The change in savings and investments can provide insight into a taxpayer’s

financial stability. There are two types: a) those who save diligently and b) those

with nothing. Recent inflation has tossed many Americans into this latter category.

Two million Americans receive casino 1099’s and that requires the reporting of

their winnings. The demographics show 400,000 of these folks earn less than

$50,000 a year. The biggest problem is that if you make $10,000 in gambling

income and have $10,000 in gambling losses, you will have to pay taxes on

phantom income. Ever since the IRS increased the standard deduction there are

over 20 million people that no longer itemize tax deductions that allow the write-

off of gambling losses. For example, if you receive $10,000 in gambling income

the IRS increases your tax bill up to $3,000. This represents a double-edged sword.

You win $10,000 but you are $13,000 poorer ($10,000 losses + $3,000 taxes).

The IRS does not heavily enforce medical expenses. I had a client that had her

identity stolen and the fraudster told the IRS that she made a withdrawal of

$150,000 in retirement income. Next, to qualify for a refund, the criminal needed

to reduce her taxable income. They blatantly deducted exactly $70,000 in medical

expenses. The IRS bit on this hook, line, and sinker.
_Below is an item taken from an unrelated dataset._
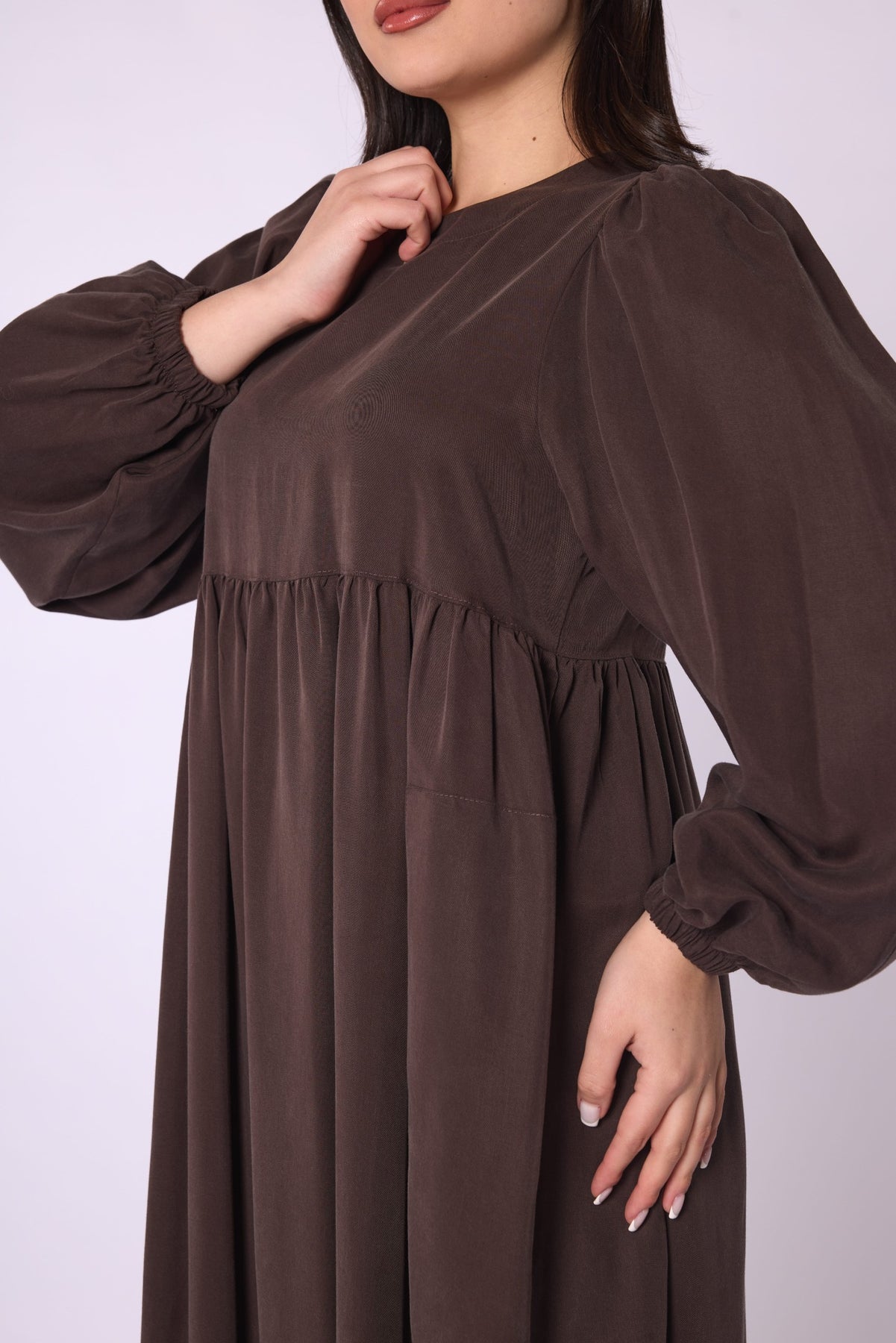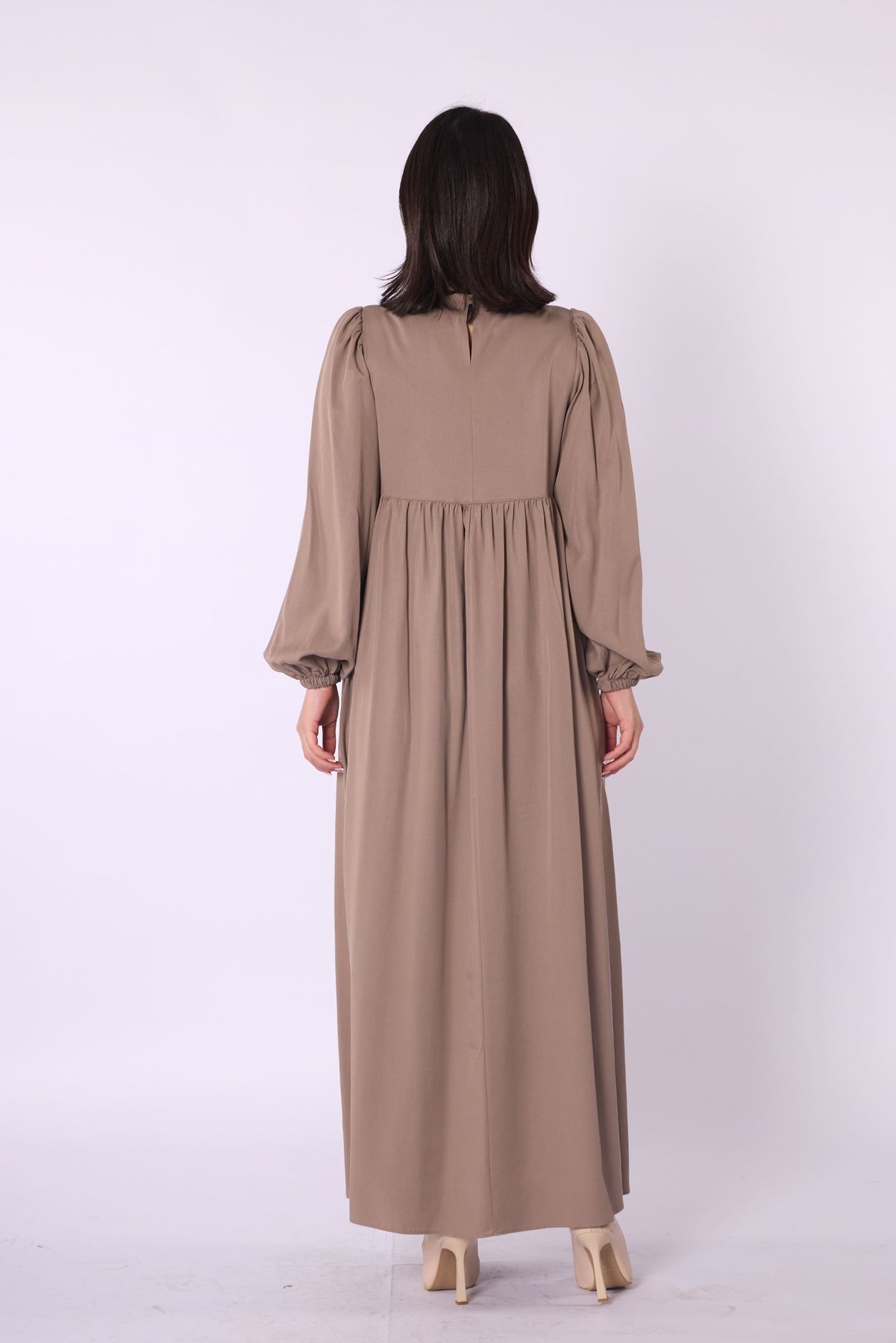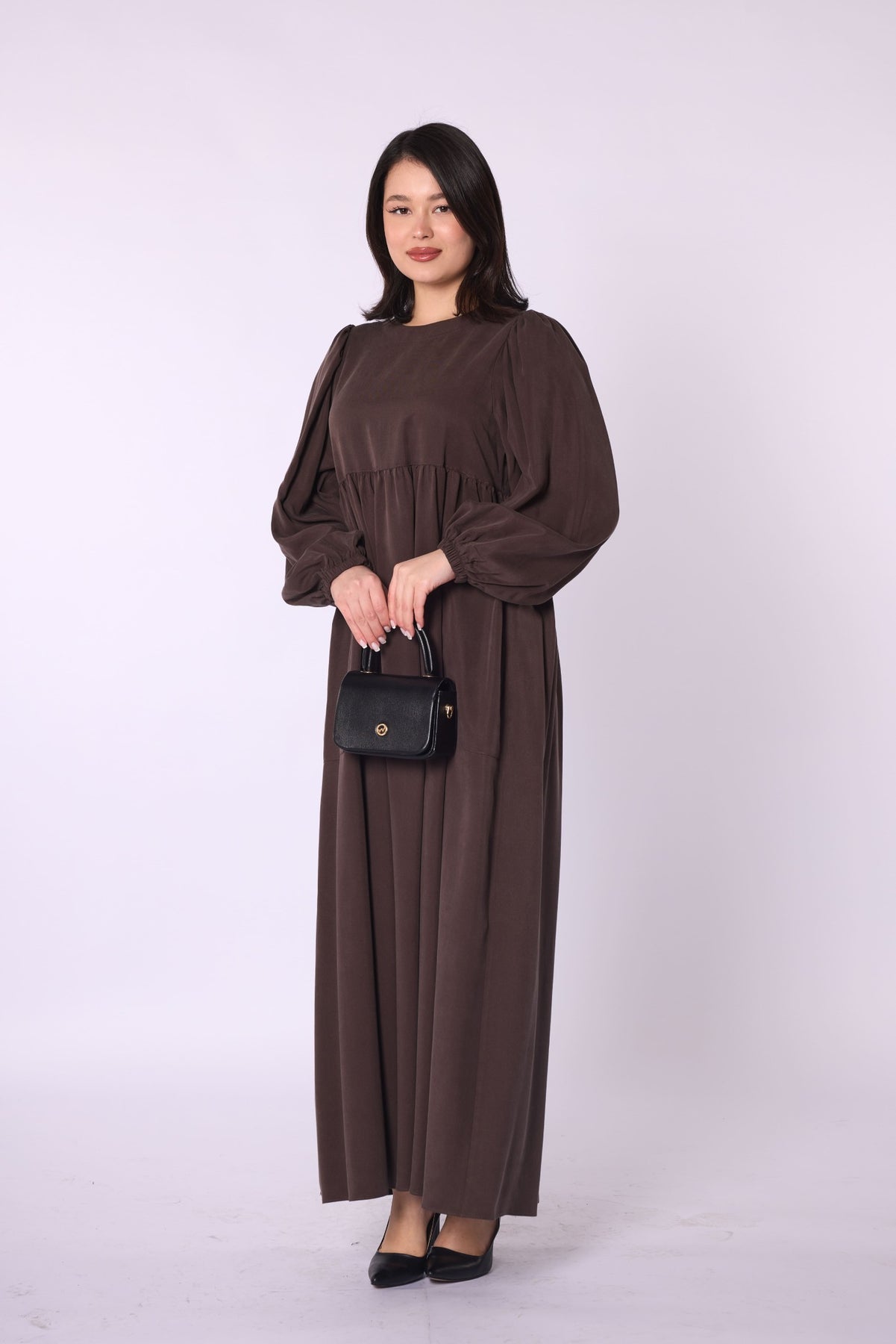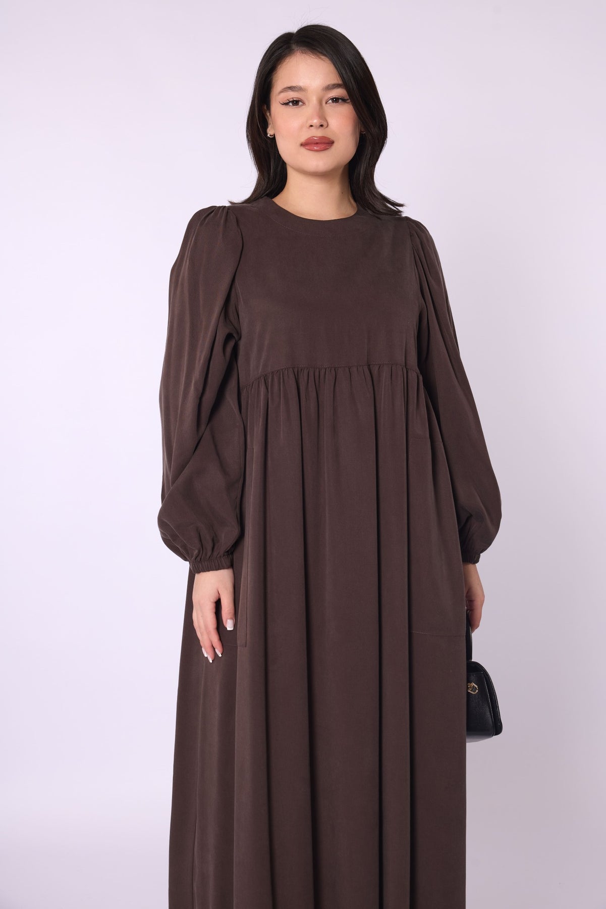 Designed for effortless everyday elegance, the Ruched Pocket Long Dress offers a comfortable, fluid silhouette that’s easy to wear all day. The ruched detail at the upper part adds movement and a refined touch, while the tie-style finish creates a subtle statement. Elasticated sleeves enhance comfort and practicality, and the functional pockets make it ideal for daily wear.

The tax frauds received a cash

refund of $9,000 courtesy of an unsuspecting 84-year-old grandmother and IRS

incompetence.

 

How can you determine if a taxpayer has luxury automobiles? Schedule A tax

deductions allow you to deduct personal-property taxes for automobile license

fees. If the license fees exceed $2,500 it is more than likely the taxpayer owns one

or two luxury automobiles. My experience has shown that people with expensive

cars feel a sense of entitlement and justification of excess deductions.

National statistics show that taxpayers spent 10.5% of their adjusted gross income

on their mortgage. One way to determine if the taxpayer has a bigger house than

they can afford is to divide mortgage interest by the interest rate. Mortgage

balances exceeding $500,000 can strain the taxpayer’s ability to pay.

Next, a good barometer of integrity are non-cash charitable deductions. A family

reporting AGI of $150,000 will deduct $2,500 on their taxes. When the deduction

is greater than $500, the IRS requires the taxpayer to provide detailed information

regarding the type of gift, date of purchase and method of valuation. If a taxpayer

exceeds $8,000 that would fall into the excessive category. Look at the description

of the donations. Were these replaced kitchen appliances or bags of clothing carted

off to goodwill with unrealistic values?

In summary, cheating on your taxes does not become problematic until you get

caught. If you are ever in civil litigation that requires the disclosure of your tax

records, two things can happen. First, in a jury trial, the jurors will immediately be


skeptical, and this could jeopardize your entire case. Second, anyone in the

courtroom will be free to turn you into the IRS for tax fraud.